§ AIM OF THE EXERCISE
Skip the pictures and give back the rest of the listing exactly.

§ COLLECTED DATA
=-=-=-=-=
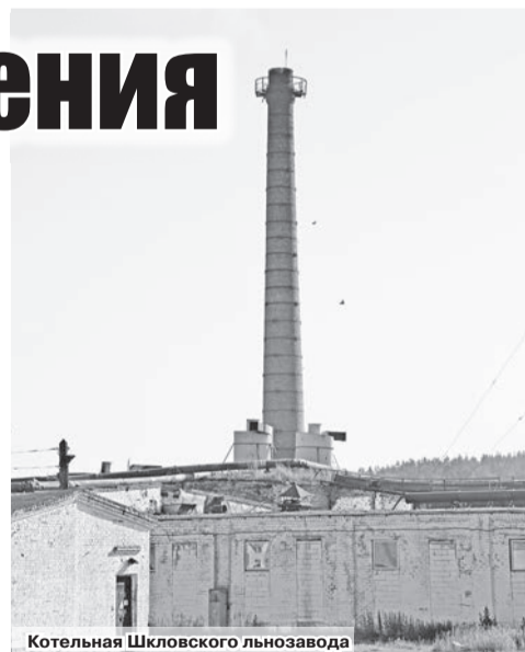
Котельная Шкловского льнозавода
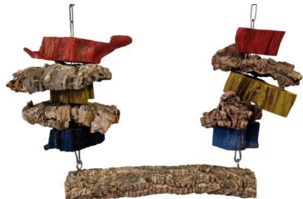
51340 VE 1 Spielzeug-Schaukel ca. 30 breit / 25cm hoch
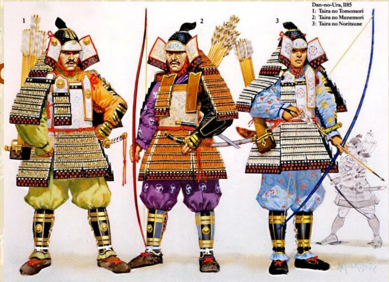
Dan-no-Ura, 1185 1: Taira no Tomomori 2: Taira no Munemori 3: Taira no Noritsune
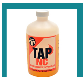
Flacon de 1 chopine (473 ml) SKU: TAPNC-1P UPC-12: 641238009429
=-=-=-=-=
§ SOLUTION FOR THIS TASK
Котельная Шкловского льнозавода
51340 VE 1 Spielzeug-Schaukel ca. 30 breit / 25cm hoch
Dan-no-Ura, 1185 1: Taira no Tomomori 2: Taira no Munemori 3: Taira no Noritsune
Flacon de 1 chopine (473 ml) SKU: TAPNC-1P UPC-12: 641238009429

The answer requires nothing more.